The primary and standby servers should have homogeneous hardware, and each server should have at least two network interface cards. The network interfaces must support PXE boot, and they must all connect to the local switch (two for redundancy purposes).
Figure 1 illustrates the HA-OSCAR architecture.

Figure 1.
HA-OSCAR architecture
HA-OSCAR consists of the following major system components:
Each head node must have at least two NICs: eth0 and eth1. One of the NICs
is a public interface to the outside network and the other is a private interface
to its local LAN and towards computing nodes. The exact configuration depends
on how a user wants to connect eth0 and eth1 to either the public or private
network. Our example assumes that eth0 is a private interface and eth1 is
the public interface.
Figure 2 shows the sample network configuration of a HA-OSCAR head node.

Figure 2. Sample HA-OSCAR network configuration for head
nodes
The HA-OSCAR team has developed an easy-to-install package with a GUI interface.
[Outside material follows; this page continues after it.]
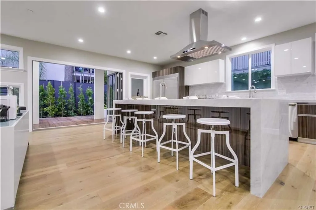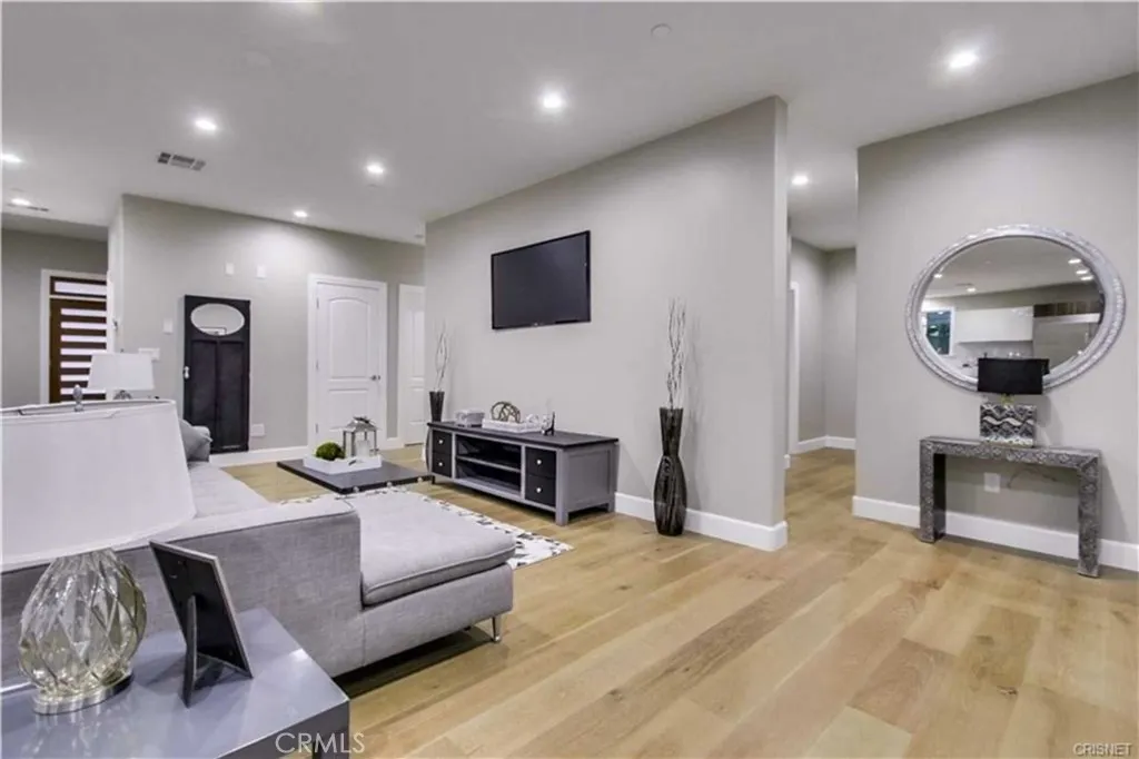 Set in the Colfax Meadows neighborhood of Studio City, this modern residence offers nearly 4,600 square feet of bright, functional living with five bedrooms and seven bathrooms. High ceilings, wide-plank hardwood floors, and expansive windows create a bright, open interior. The kitchen is anchored by a large island, stone countertops, a walk-in pantry, and professional-grade appliances, opening directly to the main living areas and creating a natural flow between spaces. Large glass doors open from the main living space to the backyard. Additionally, the main level includes two en-suite bedrooms, a separate room with direct patio access suited for both office and guest use, and a conveniently located laundry area. Upstairs features a stunning and spacious primary suite with a large walk-in closet and spa like bath in addition to a secondary bedroom with stunning natural light. Expansive bi-fold doors open to a versatile bonus area with a full bath and dedicated in-home theater, well suited for a secondary living, workspace, or entertainment area, with a seamless connection to the outdoor deck. An enclosed front yard with drought-friendly landscaping adds privacy and curb appeal. Additional highlights include a two-car garage with EV charger and high-speed internet hardwired throughout. Located close to Ventura Boulevard’s popular restaurants, cafés, and everyday conveniences, and within the sought-after Carpenter Community Charter School district. The property offers strong income potential, adding flexibility for both end users and investors.

When the system has OSCAR installed, download HA-OSCAR.
You must be root to be able to install HA-OSCAR. Once you uncompress the package, start the installation by typing the following command:
% ./haoscar_install <interface>
The interface directive is the private network interface for the primary
head, normally eth0.
The installation wizard should pop up (as shown in Figure 3). The HA-OSCAR installation wizard will walk the user through a complete installation process consisting of the following steps:
The following sections describe the HA-OSCAR wizard installation process and provide visuals for the associated screens.
In step 1, this wizard will install all of the required packages to the OSCAR cluster server and prepare the environment.

Figure
3. HA-OSCAR installation wizard
The first step will take less than one minute to complete. Step 2 is for building a standby server image from the primary node. When you click the button Building Image for Standby server, the wizard will pop up another window requesting a server image name. Normally, you can leave the default value and just press the Fetch image button (shown in Figure 4) to fetch an image for the standby server. This step will take several minutes.
This is an important step in cloning a standby server image from a primary one. For a stringent downtime requirement, we recommend a separate image server for image repository and recovery purposes.
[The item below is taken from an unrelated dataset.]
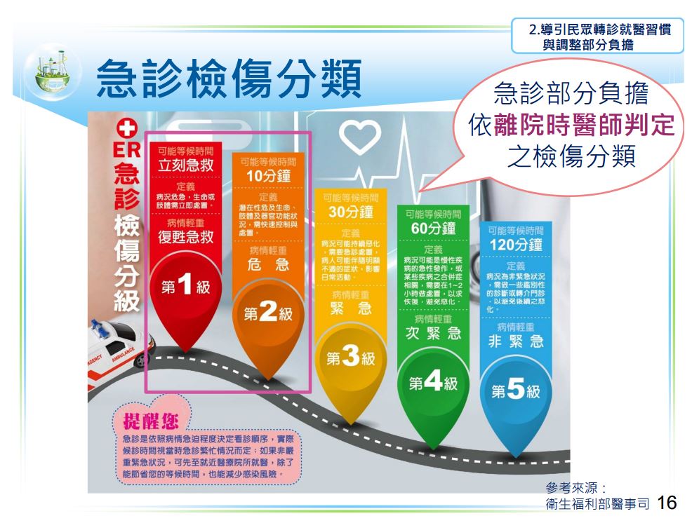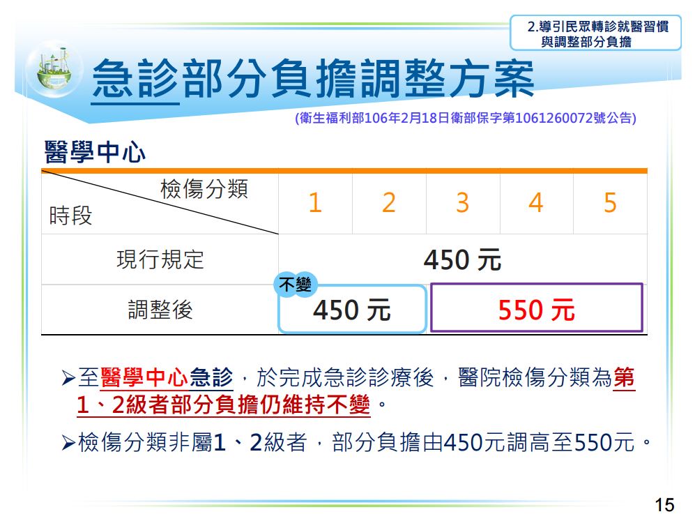 另外,民眾到醫學中心急診時,依檢傷分類認為是第三、四、五級者,部分負擔會從原本的450元調高至550元。

Figure 4. Fetching or cloning a server image
This step will take ten to 15 minutes. Once it succeeds (a successful status window will pop up), click the Close button.
|
The third step requires the you to enter an alias public IP address. Proceed by clicking on step 3. HA-OSCAR will pop up the Standby server initial network Configuration screen shown in Figure 5. Users normally use this public IP address as a virtual entry point to access the head node. When the failover occurs, the standby server will take over this address so users can continue accessing the cluster as if nothing has happened. The normal procedures within this step are:
eth1 interface. When the failover occurs,
the standby server will automatically clone the cluster public IP on the
designated network interface, probably eth1.
Figure 5. Standby server initial network configuration
This step will take less than a minute. When the successful status window pops up, click on the Close button.
Pay close attention to the following procedures to retrieve the standby
server's MAC address for PXE booting before building its images on the local
drive. One of the standby server network interfaces, typically eth0, connects
to the private LAN and broadcasts its MAC address during its network boot.
Whenever the primary server is ready to build the standby server image, it starts cloning its images with the collected addresses. Consequently, the standby server will fetch the image by network booting the standby server via PXE (or floppy) from the primary server or an optional image server on its local file system. When the cloning succeeds, the server will reboot from its hard disk. This marks the completion of the standby server installation.
To assign the standby server's MAC address and build a local image on the standby server, proceed to step 4 in "Network Setup & Make boot server." HA-OSCAR will display the standby server MAC address configuration screen as shown in Figure 6.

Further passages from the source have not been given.